At megalithic sites across Bulgaria we find standing stones that look like statues of giants petrified in time.
At the stone circle of Dolni Glavanak we seem to be witnessing a powwow, an assembly of wise elders, that has been petrified in order to be preserved in time.
In the Middle Mountain single megaliths seem to be leaning back like sunbathers to absorb the Sun. They have both anthropomorphic and cosmic qualities.
The columns of Slanchevo look like totems. The random layout gives the impression of a memorial overlooking the ancient seashore of the Black Sea.
There is a connection between time and stone, memory and megaliths.
The undulating sinews of clusters of megaliths in Rozovets remind us of the ridges and grooves of the brain, the internal storage of memory in modern Man.
The seemingly randomness of the lines dotted by clusters that act as nodes reminds of the structure of the human nervous system.
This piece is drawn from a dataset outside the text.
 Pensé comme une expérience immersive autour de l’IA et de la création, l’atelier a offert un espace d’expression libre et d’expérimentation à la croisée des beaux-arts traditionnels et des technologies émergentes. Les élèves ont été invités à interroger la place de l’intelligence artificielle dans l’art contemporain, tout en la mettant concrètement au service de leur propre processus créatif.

It could also be interpreted as an artistic impression of how thoughts just pop into our heads to trigger a string of associations. There is a pattern but as in psycho-analytics we can only interpret them.
Rudolf Steiner reminds us that during this first epoch of humanity held memory was held not within, but without.
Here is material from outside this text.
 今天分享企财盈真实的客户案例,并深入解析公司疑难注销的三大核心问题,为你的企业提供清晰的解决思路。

In the series of lectures: World History and the Mysteries, Rudolf Steiner refers to the Lemurians and early-Atlanteans as developing memory externally as opposed to internally. Memory was not located in the brain as it is today. Early humans had not reached that stage of evolution.
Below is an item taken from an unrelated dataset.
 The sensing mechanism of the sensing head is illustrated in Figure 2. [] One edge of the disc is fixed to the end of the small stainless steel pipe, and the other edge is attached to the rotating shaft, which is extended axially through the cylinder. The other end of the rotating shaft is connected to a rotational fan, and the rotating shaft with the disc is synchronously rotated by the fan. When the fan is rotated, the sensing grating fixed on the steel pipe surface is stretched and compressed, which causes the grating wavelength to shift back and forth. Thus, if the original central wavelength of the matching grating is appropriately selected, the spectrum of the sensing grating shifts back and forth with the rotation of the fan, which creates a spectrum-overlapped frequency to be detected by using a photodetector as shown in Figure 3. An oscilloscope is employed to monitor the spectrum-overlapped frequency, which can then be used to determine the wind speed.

Everything of the nature of memory was connected to the setting up of signs and memorials on the Earth. p.9
Memory was maintained in external objects.
Lemurians and early-Atlanteans could fashion rock matter to fit their purpose, one of which was to use it as an external repository of memory.
The Lemurian [..] understood plants and animals in their inner action and life. He even understood the physical and chemical forces of lifeless objects in the same way. p.70
The Lemurian had the capacity to transform the natural stone into a composite material to fit his purpose.
[…] in man the forces of nature changed into forces of the will. He himself could thereby execute what nature accomplishes. p.73
Interestingly, Lemurians and early-Atlanteans interacted with stone in a similar way that we today safeguard our memory in silicon-made, digital hard drives.
Lemurians and early-Atlanteans were the first epoch of humanity to experience the I AM, a consciousness of the self. They experienced the early stages of development of consciousness without language as such and words to designate objects.
But with consciousness and thought comes death. So maybe these megaliths tell us about humanity’s first encounter with mortality. I am now but maybe not tomorrow. With consciousness comes death and the desire to remember and be remembered by later generations. The futile dream to beat time.
This would mean that the stone statues that ornate our cities today and the pyramidal-obelisk shaped memorials to the fallen are a legacy of the first brushes of humanity with consciousness, time and mortality.
Through time and the evolution of consciousness there is continuity in our relationship to the self and the loss of self through death. And we try to save our memories in stone, most often granite, to reconnect with the universal repository of knowledge, known as the Akasha Chronicle.
The megaliths are giants in the form of their memories stored in stone.